KTUM
- Tatum, New Mexico; United States;
- Broadcast area: Southeast New Mexico; West Texas;
- Frequency: 107.1 MHz
- Branding: B 107 The Blaze

Programming
- Format: Top 40 (CHR)

Ownership
- Owner: MTD Radio Inc.; (MTD, Inc.);
- Sister stations: KWMW

History
- First air date: 2003
- Call sign meaning: Tatum

Technical information
- Facility ID: 88798
- Class: C1
- ERP: 100,000 watts
- HAAT: 280 meters (920 ft)
- Transmitter coordinates: 32°52′49.2″N 103°41′6.7″W﻿ / ﻿32.880333°N 103.685194°W

Links
- Webcast: Listen live
- Website: www.b107theblaze.com

= KTUM =

KTUM (107.1 FM, "B 107 The Blaze") is an American radio station licensed to serve Tatum, New Mexico, United States. The station, established in 2003, is owned by MTD Radio Inc. and the broadcast license is held by MTD, Inc. KTUM shares a broadcast tower with sister station KWMW.

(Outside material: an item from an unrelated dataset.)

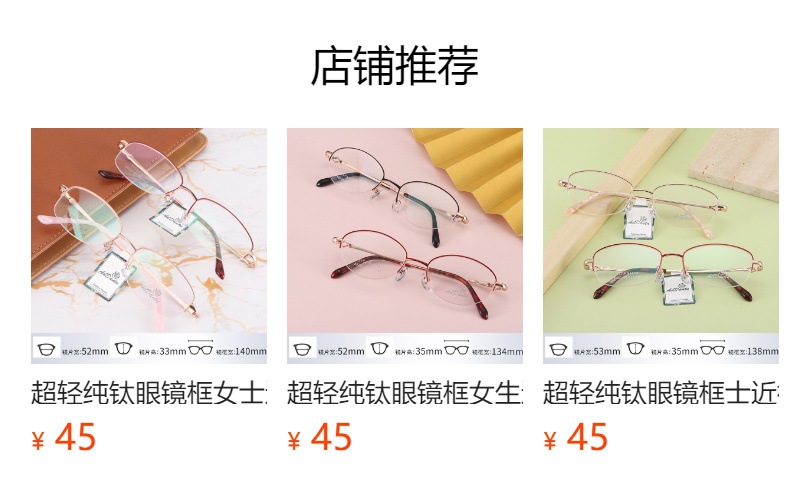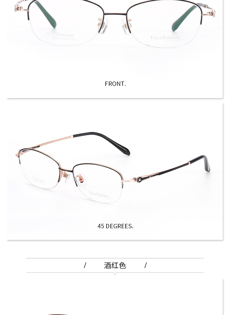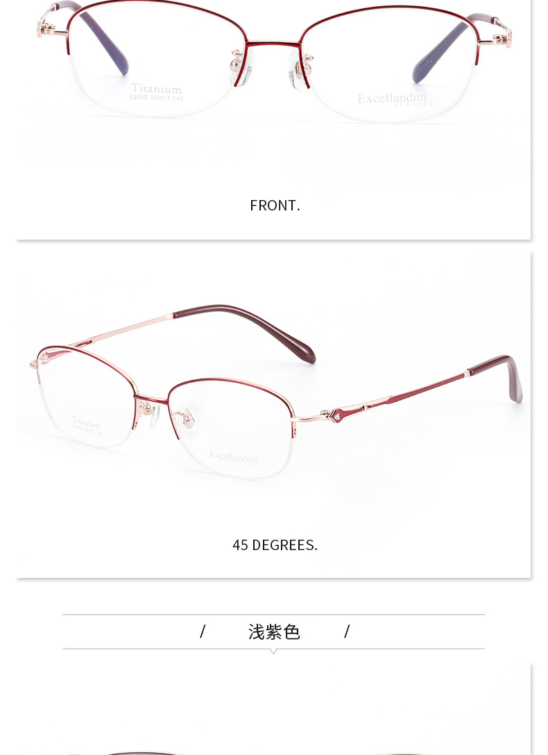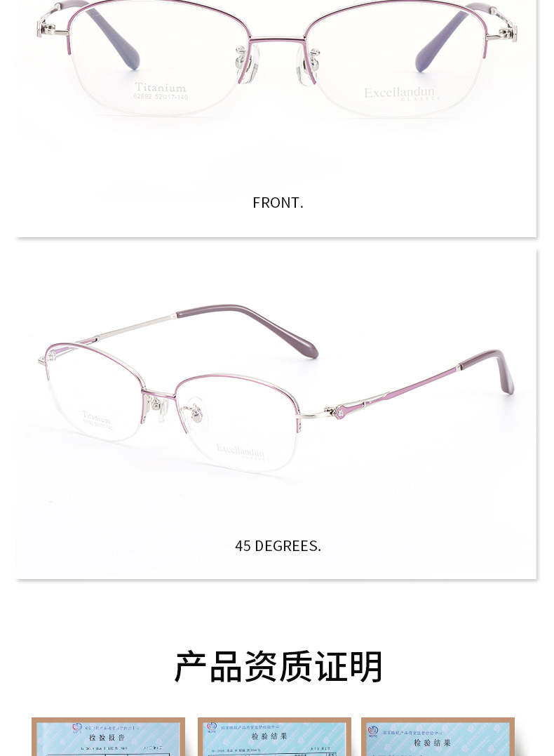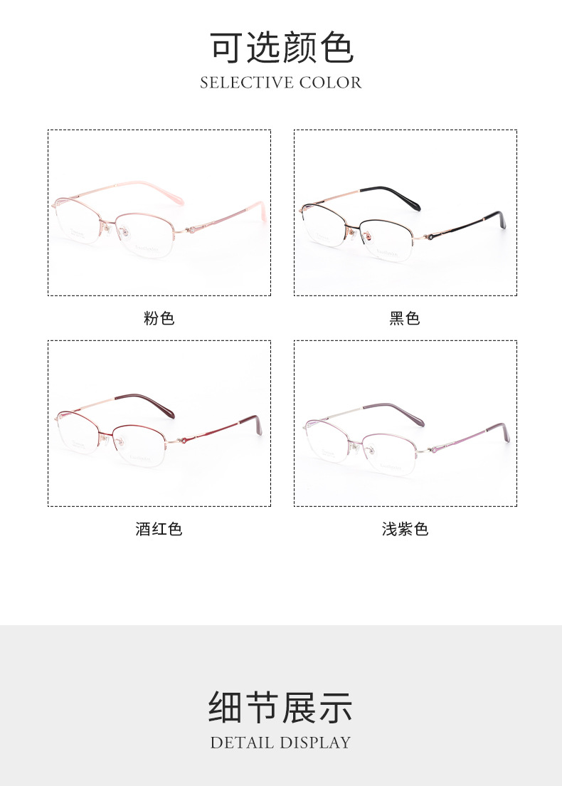 超轻纯钛眼镜框女士近视 时尚商务气质镜框62692正品半框B钛镜架

KTUM formerly broadcast an active rock music format that originally featured the satellite-fed "The Nerve" service from Citadel Media. Since the network closed in 2013, KTUM was programmed locally while keeping the "Nerve" brand. KTUM now broadcasts a Top 40 (CHR) format.

==History==

Former branding

This station received its original construction permit from the Federal Communications Commission on November 6, 2000. The new station was assigned the KTUM call sign by the FCC on November 20, 2000. KTUM received its license to cover from the FCC on February 25, 2004.